Episode 3:The 1996 Presidential Elections-Part 1
Happy New Year,I wish you all the best in 2019. Last year, I started a blog series on collecting Ghana’s election results from 1992 to 2016. In episode Episode 1 and Episode 2, I showed the process of getting the presidential and parliamentary elections for 1992.The datasets are available here: 1992 presidential elections and 1992 parliamentary elections.
In this episode I will collect data on the 1996 elections. This data is available on the Electoral Commission of Ghana’s website. Stay with me till the end to know what will be the plot in Part 2 of this Episode.
The 1992 election had 3 presidential aspirants:
- J.J Rawlings who represented NDC (National Democratic Party).In 1992, he led the Alliance Coalition (was made up of the NDC, National Covention Party and Every Ghanaian Living Everywhere) into victory. As at the time of the elections he was the sitting president.
- J.A Kufuor replaced A.Adu Boahen who was the New Patriotic Party’s candidate in the 1992 elections.
- E.N Mahama just like the NPP candidate also led the Peoples’s National Congress in 1996. He replaced Dr.

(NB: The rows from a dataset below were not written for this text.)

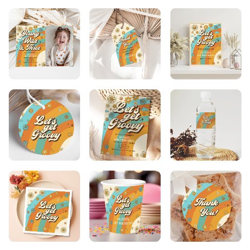 Convites Vamos Obter o Groovy Retro Festa do primeiro anive
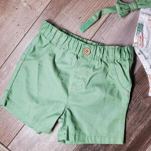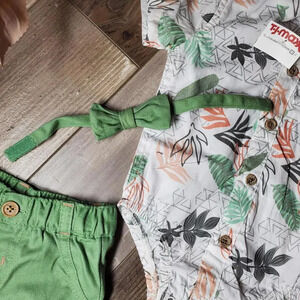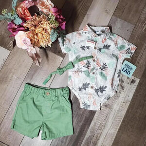 NWT Little Lad Baby Boys Buttondown Shorts Tropical Set with Necktie Size 6-9M
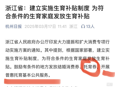 刚看的新闻,浙江省大力提振和扩大消费专项行动实施方案里面,有提到鼓励有条件的地方发放托育券,开展普惠托育。不知道嘉兴会不会发。 现在小孩的托育支出真的不少,好一点的4000+一个月,普惠的2000+一个月,一学期下来好多钱。期盼一下托育券,多少可以补贴一点,惠民惠商。
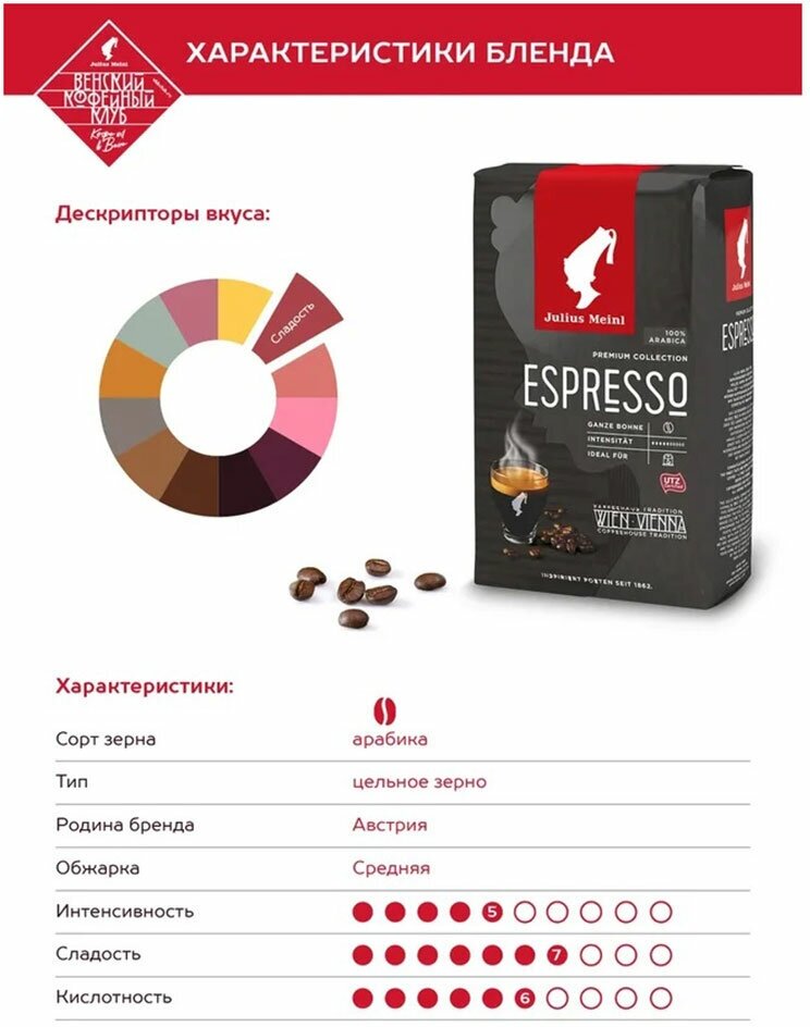 Кофе в зернах Julius Meinl Президент Эспрессо 500г представляет собой купаж отборных зерен Арабики и Робуста средней обжарки. Классический вкус с выдающимся шоколадным послевкусием и ярким бодрящим ароматом позволит вам окунуться в атмосферу знаменитых кафе Вены и познакомит с традициями Венской кофейной культуры. Такой бленд рекомендуется заваривать в турке или кофемашине. Для одной порции вам понадобится 7г кофе на 40мл воды. Также вы можете приготовить его и другими способами: во френч-прессе или в кофеварке.
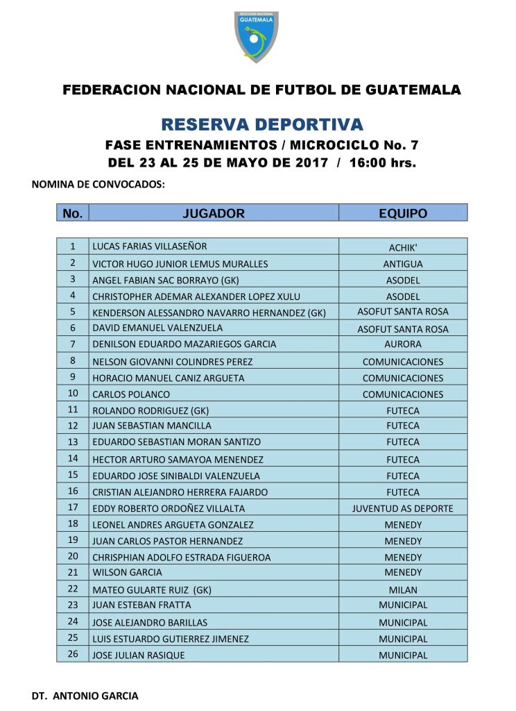 RESERVA DEPORTIVA / MICROCICLO No. 7 DEL 23 AL 25 DE MAYO 2017

Hilla Limann who was the party’s candidate in 1992.
At the end, the NDC candidate and sitting president: J.J Rawlings won the elections.
Importing Libraries and Data Extraction
The data is an Excel file in the .xls extension. I prefer to use Hadley Wickham’s readxl package as it allows me to extract data with ease. The function read_excel takes a single mandatory argument: name of the file. When passed with a single argument, this function reads all data from the first sheet only into a variable. We can tell the function to read any other sheet by specifying either the sheet’s name or its index read_excel("nameOfFile.xls", sheet="nameOfSheet") OR
read_excel("nameOfFile.xls", sheet=3
The packages in the tidyverse library is for data cleaning and extraction.
library(readxl)
library(tidyverse)
columns = c("Constituency_Num","Region","J.J Rawlings","NDC%Vote",
"J.A Kufuor","NPP%Vote","E.N Mahama","PNC%Vote","Valid_Votes", "Rejected_Ballots","Tt_Votes_Cast","Tt_Reg_Voters","Turnout%")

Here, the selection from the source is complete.